Darcy Byrne, mayor of the Inner West council -- a large local government area that takes in the suburbs of Balmain, Tempe, Newtown, Leichhardt, Ashfield and Marrickville -- said on Tuesday share bike operators were "on notice" and ordered stray or damaged bikes would be impounded by rangers.

"In the absence of action from share bike operators, Council is undertaking a bike blitz to remove dangerous and badly parked bicycles throughout the Inner West," Byrne said.

"Having offered them the carrot, we now have to use the stick."

Figures published by Randwick council claimed more than 6600 share bike trips were taken each day in inner Sydney in January and February.

Byrne said that, once impounded, share bike operators would have to pay an $80 fee for the impounding notice, $65 an hour for a council worker to transport the bikes to a depot, and $16 a day in bike storage before their vehicle would be released.

Just last week, the NSW state government announced new powers for local councils to manage share bikes, as well as introducing new minimum standards for companies around safety, parking, and forcing operators to establish designated parking areas for bikes.

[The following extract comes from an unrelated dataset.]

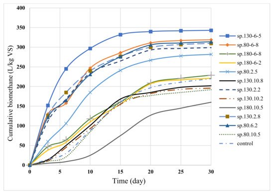 This study utilized Hansen’s method to determine the biogas yield [40]. Additionally, dark glass bottles were used as batch reactors. Before tightening the aluminum bottle cap and plastic lid, various combinations of water (5 mg), microbes, and untreated and treated substrates (based on the dry test material) were added. The microbial mixture and substrate were adjusted to have the same VS. Each bottle underwent 2 min of anaerobic digestion by gaseous N injection. The specimens were examined and subjected to three rounds of microbial fermentation to evaluate biomethane production. In addition, the control sample was utilized under identical conditions for each experiment series. The bottles were kept in an incubator at 37 °C for 30 days, and GC syringe samples were taken every five days to measure biogas production.
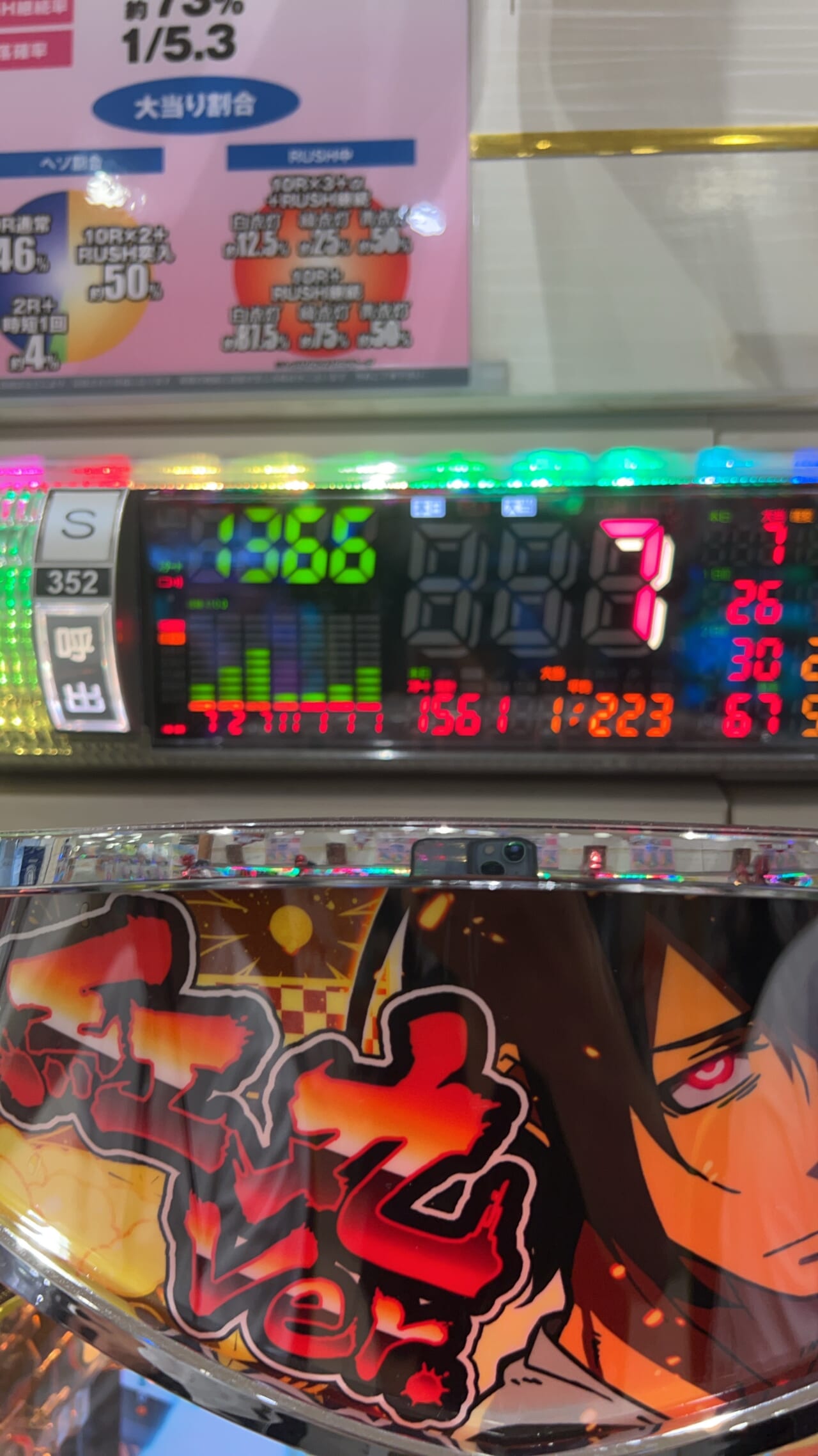 2日間朝から晩まで5000回ぐらい回したけど、他の台打つ気せんね。紅丸やばすぎる!白バレで3回当てたけど全部ラッシュでしたね。Vフラカスタムしててならずでラッシュでした。ラッシュで初回3000もらえるのでかいし、ダンまち相性よかった俺からしたら最高な台です。しばらくは紅丸さんにお世話になります。

The Inner West council's decision follows long discussion among Sydney councils about how to deal with share bike troubles. In March, Waverley council said it would start impounding bikes left blocking paths, while six councils -- including Waverley and Inner West -- began working in December on standard regulations for operators to follow.

However, Byrne said operators had not responded properly to the regulations, and that his council had been forced to take more drastic action.

"We’ve proposed a simple set of guidelines for the operators, but they haven’t done enough to lift their game," he said.

However, Byrne said he isn't expecting any huge financial windfall from the impounding blitz. Instead, the council plans to redistribute the bikes among the area's needy residents.

“We know operators haven’t been collecting bikes that have been impounded elsewhere. Rather than putting them into land fill, we will be looking to repurpose unclaimed bikes and give them to homeless and disadvantaged people," he said.

The mayor is calling on the NSW government to take action on the share bike issue, asking for state legislation to be updated to better deal with the troubles faced by local councils.

"It’s time the [government] stepped up to the plate on bikes, make the changes to legislation that the councils have asked for and ensure share bikes are properly regulated in this city," he said.